As Kenneth said, test the rings with his method before doing anything...the blown head gasket would give you zero compression if it was near the piston opening as the pressure would just seep out there. It's actually pretty common for that to happen on these engines...and I thought that was what mine did but...the head gasket was intact so I figured either the head cracked or the cylinder wall opened up near a coolant passage.

But it's pretty clear cut if the HG is blown...you might be fortunate and the valves/rings are still intact...as long as the previous owner didn't overheat the engine and keep driving...the heads will crack very easily with too much heat...I went through two for that reason...and I was smart enough not to drive once I noticed the overheat...but not quick enough to catch it.

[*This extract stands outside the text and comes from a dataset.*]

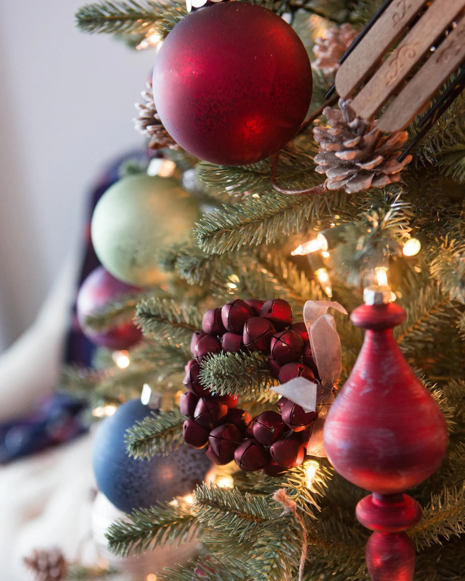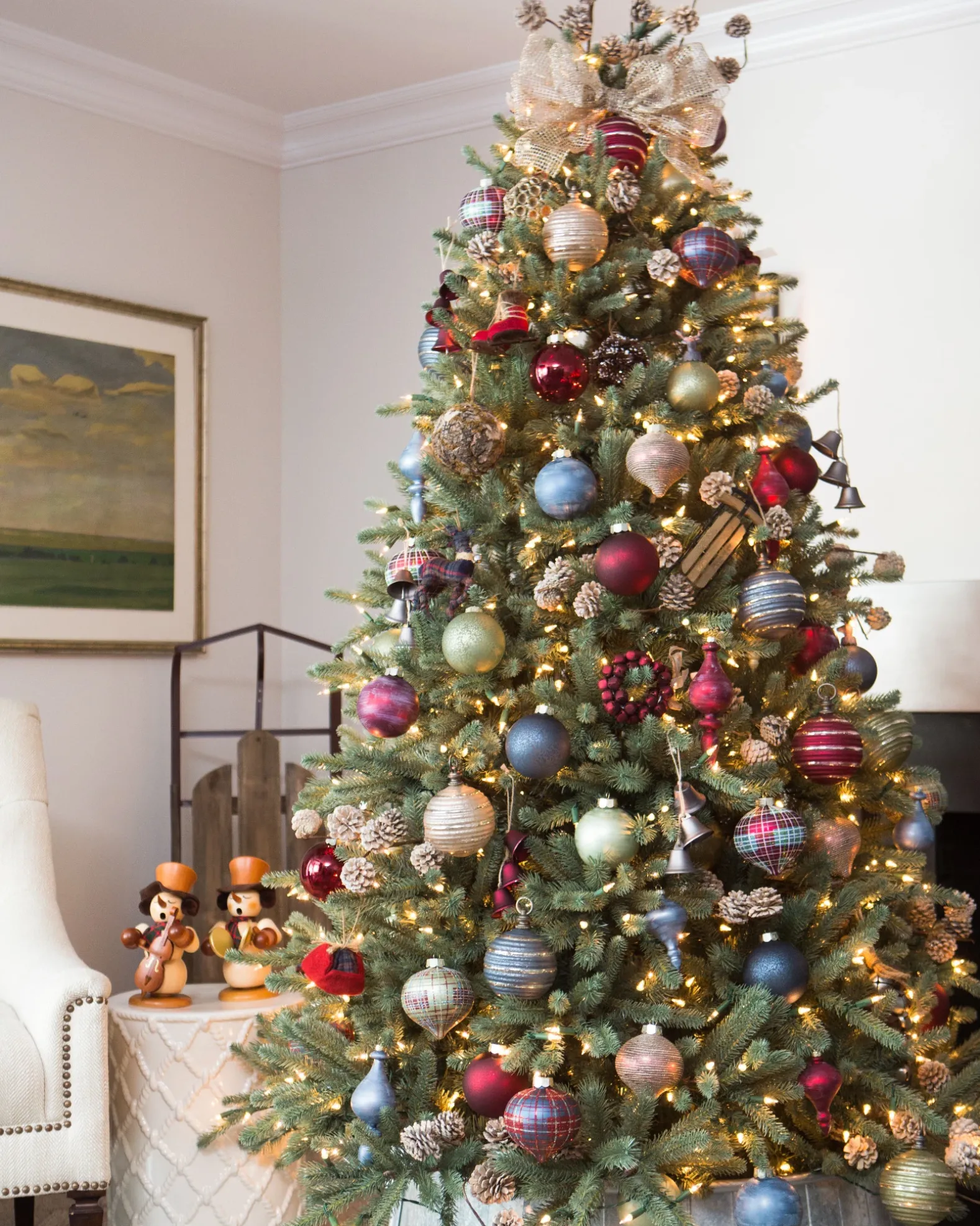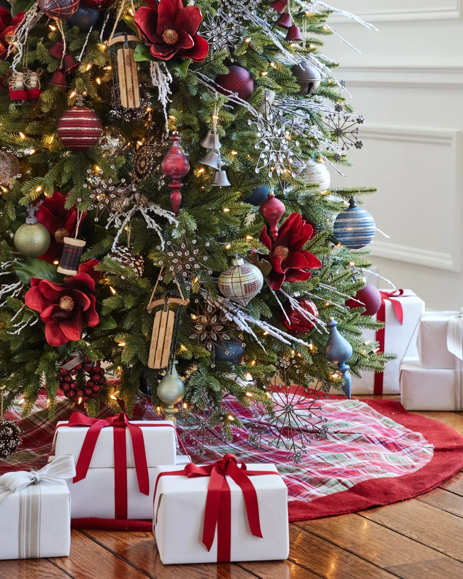 Spruce up your tree with an assortment of charming rustic ornaments. This eclectic mix of miniature sleds and ice skates, vintage sleigh bells, wooden villages, and fabric reindeers creates a cozy countryside look.

I'm thinking of adding a red light to the dash if I can to light up when the temperature goes anywhere near the H or above...sometimes I just don't pay enough attention to the gauges and a red light would catch my eye faster than a gauge...especially when I'm more concerned with the fuel gauge most of the time.

Milling would be good either way...will give you a bit more bang when you put it back together...most shops do just enough to make sure the head is flat, but if you go an extra bit on that it will increase your compression ratio...you don't want to go too much but I've read on here that going more gives good results for these engines...too much and they become interference engines meaning if the timing belt breaks, there could be damage involved...

If you search this forum you will find a few mentions of the recommended amount...I would say it might get costly as they may charge by the pass...once over so to speak...and I think they can usually only take off .005 per pass...so two passes would be .01 off...probably enough to flatten it out but not really affect performance too much.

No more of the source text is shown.